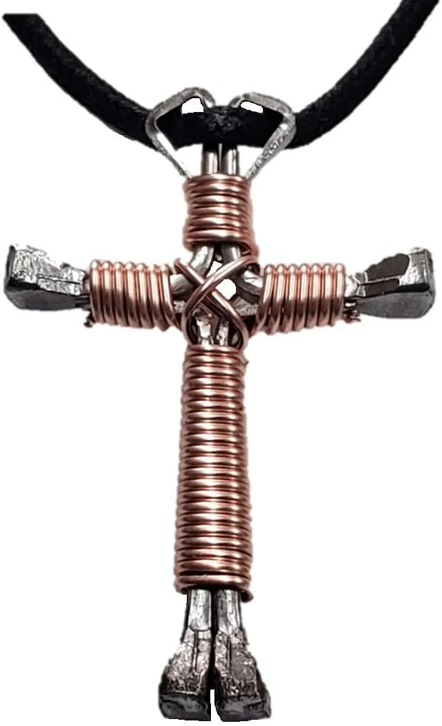 New Powder Puff horseshoe cross necklace. They are professionally handcrafted out of 4 genuine horseshoe nails and color-coated wire, cord. The necklaces comes to you ready to wear with an adjustable black cord. Crosses are stylish and well made. These are Great for any occasion, Gifts for Easter, Birthday, Christmas, VBS, Church Groups and etc. Adults and all ages love them and are worn by male & female. Each necklace is actually handcrafted by the artist and individually packaged with card inside. They are also available in a variety of colors. So if you don't see a color or design you want just message me what you are looking for. Each cross made of 4 horseshoe nails, Wrapped with 20 Gauge colored wire, , Cross approx. 1 3/4" height x 1 1/4" width. Have black adjustable cord, Each one will be individually packaged with a card inside. By Show Me Country
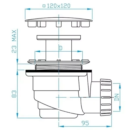 EWE0852 Сифон для душевых поддонов 90/50 хром, квадрат
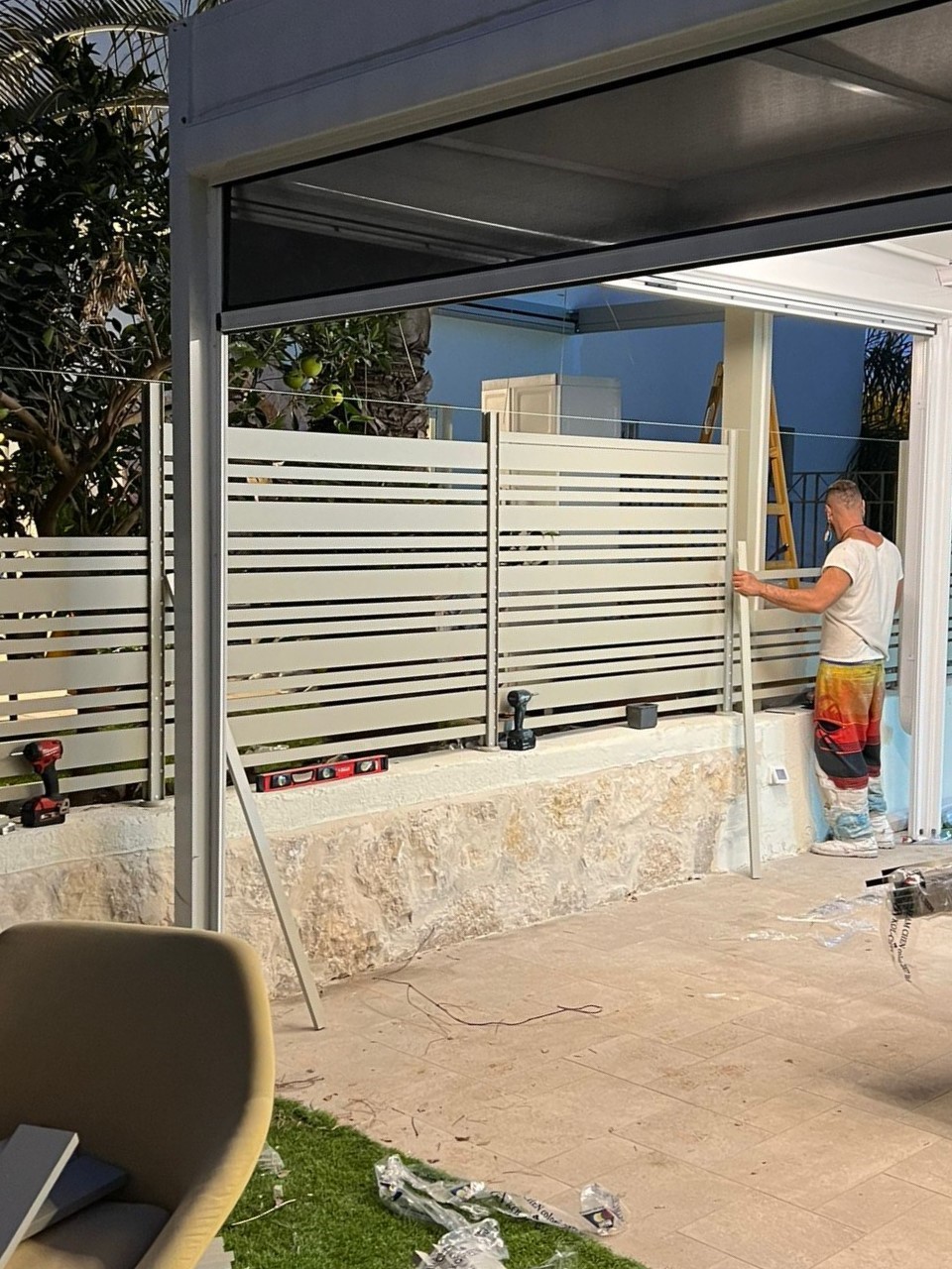 ייצור והרכבה פרגולה ביוכלומטיק שלש מנועים וארבע מסכי זיפ
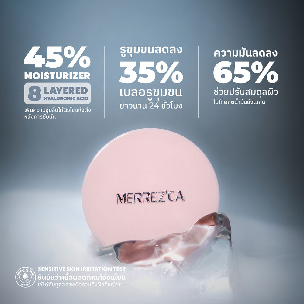 Merrezca Invisible Oil Control Cushion 2g คุชชั่นซับมันเนื้อเจลไร้สี สัมผัสใหม่ของไพรเมอร์ในรูปแบบคุชชั่น ที่รวมพลังการ Cooling + Blurring + Moisturizing ไว้ในขั้นตอนเดียว ออกแบบมาเพื่อตอบโจทย์ทุกปัญหาผิวของคนหน้ามัน รูขุมขนชัด และเมคอัพไม่ติดทน มอบฟินิชแบบแมทนุ่มลื่น (Silky-Matte) ที่ไม่แห้ง ไม่ตึง ไม่ก่อให้เกิดการอุดตัน
------------------------------------------------
The output should be the lines from the one with "EWE0852 Сифон для" through the end of the material above, both ends included, printed exactly and nothing else. Drop the pictures.

Result:
 EWE0852 Сифон для душевых поддонов 90/50 хром, квадрат
 ייצור והרכבה פרגולה ביוכלומטיק שלש מנועים וארבע מסכי זיפ
 Merrezca Invisible Oil Control Cushion 2g คุชชั่นซับมันเนื้อเจลไร้สี สัมผัสใหม่ของไพรเมอร์ในรูปแบบคุชชั่น ที่รวมพลังการ Cooling + Blurring + Moisturizing ไว้ในขั้นตอนเดียว ออกแบบมาเพื่อตอบโจทย์ทุกปัญหาผิวของคนหน้ามัน รูขุมขนชัด และเมคอัพไม่ติดทน มอบฟินิชแบบแมทนุ่มลื่น (Silky-Matte) ที่ไม่แห้ง ไม่ตึง ไม่ก่อให้เกิดการอุดตัน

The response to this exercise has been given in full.